Sydney Radkoff ’20, Police Reform Organizing Project, NYC

Since I have come of age politically, police violence has often been in the forefront of the media, from the Ferguson protests to Colin Kaepernick. Even this in presidential election season, Mayor Buttigieg and Mayor de Blasio have each been at the receiving end of harsh criticism for the use of excessive force by their cities’ police. What the media often fails to address, however, is the ways with which already marginalized individuals are further disadvantaged by being on the receiving end of police targeting. A police interaction does not need to end in violence for it to be harmful. In my social work classes at Skidmore, we discuss alternative programs to punishing individuals and the root causes of crime, which are often poverty and social exclusion. This summer, I wanted to observe this phenomenon up close, and do something meaningful about it. I have been fortunate enough to intern at the Police Reform Organizing Project (PROP) in New York City, a grass-roots organization that works to expose the biased and abusive policing policies of the NYPD. PROP is primarily concerned with studying the rates of non-violent arrests and crimes that make up “Broken Windows” policing, such as petty theft, jay-walking, and biking on the side-walk. I am responsible for attending the lowest level arraignment courts in each borrow to take down demographic data about arrests, researching school safety policies and non-punitive alternatives, creating fact sheets to be released to the public, and petitioning for mental health reform and an increase in funding for community social workers and counselors.

What I have seen through my research and court visits directly support everything that I have learned in my classes at Skidmore. The people who are arrested for petty theft are more often than not homeless and taking food. Any given day, 90%-100% of those we see arrested are people of color. One case that moved me was with an 18 year old black boy who was charged for assault of the 3rd degree. He had gotten into a yelling match with his sister and mom, and a neighbor called the police. The police arrested him and held him in custody for 20 hours. When he saw the judge, the lawyer informed she had spoken to his mother her who did not want an order of protection against him, she just wanted him to come home. The judge issued one anyways, and sent him out of the court guilty for disorderly conduct. At first glance, that may look like a success. He does not have jail-time on his record, and was sent out pretty quickly with relatively little consequences. But what an order of protection really means for this boy is that he is now no longer able to contact either his mother or his sister. He cannot see them, talk to them, pass messages through other family members, and most significantly, he is no longer able to live at home. By the time his 10 minutes in front of the judge was over, he was homeless. His mother, who was sitting behind our court monitoring group, began to cry as this happened. An officer approached her and said “Excuse me Ma’am, are you his mother?” When she responded with yes, he said that he’s sorry but she must leave. By being in the court room she was putting him at risk for being re-arrested and sent to jail. What I saw in this instance was not justice served but a punitive system that is out of touch with the needs of the people its serves. Another case that showed me that policing is not just overbearing but also biased was when 4 older black men were arrested and tried for having “possession of a gambling device.” Their crime? Having dice in their pockets. Personally, I don’t believe that anyone, even the officers, were concerned about people having dice.

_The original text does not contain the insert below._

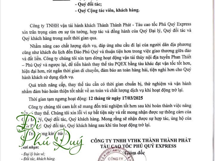 Thông báo Tạm ngưng khai thác tuyến Phan Thiết - Phú Quý và ngược lại của tàu Phú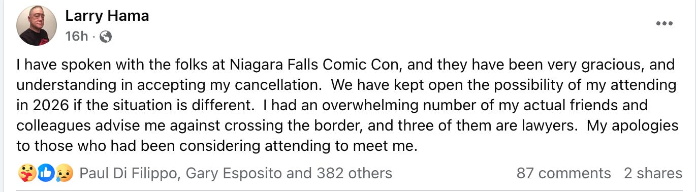 After a long thread, he then canceled his appearance to go to Canada out of his self-inflicted fear, “I have spoken with the folks at Niagara Falls Comic Con, and they have been very gracious, and understanding in accepting my cancellation. We have kept open the possibility of my attending in 2026 if the situation is different. I had an overwhelming number of my actual friends and colleagues advise me against crossing the border, and three of them are lawyers. My apologies to those who had been considering attending to meet me.”

While it can be disheartening to see a revolving door of people who are picked up from the street, given fines and charges just to be sent right back out, PROP is empowering me to do something about it. Because the organization is well known among other groups and local politicians, though also underfunded, interns are a driving force of the organization. I am able to propose what directions we take our projects and make decisions about the research I produce. This summer, I have learned as much about the policies of the NYPD as I have about working for non-profits. My boss has gone out of his way to schedule meetings and presentations with other organizations who are interested in similar work. Through these meetings, he has allowed for us to understand the different strategies for creating change. PROP prides itself on not having a seat at the “table” where decisions are made. They do this so they are able to report what they see without worrying about losing the support of relevant politicians. Other groups we have met with prefer to work as an agent on the inside. I see value in both. I would also emphasize, to all Skidmore students who may apply for internships in the future, the importance of analyzing the approach any organization takes. Pay attention to their approaches and try to gauge how interested an organization will be in your development. Non-profit work is exhausting, and it helps to be working with people who share your philosophies. I have been fortunate enough to have a supervisor who cares enough to schedule events solely for my professional development.  Also, PROP is always looking for new interns!

This photo is from an event I attended with PROP commemorating the 5 year anniversary of the death of Eric Garner. When this photo was taken, we were listening to Mr. Garner’s mother, in the pink shirt, speak about her experiences since her son has passed.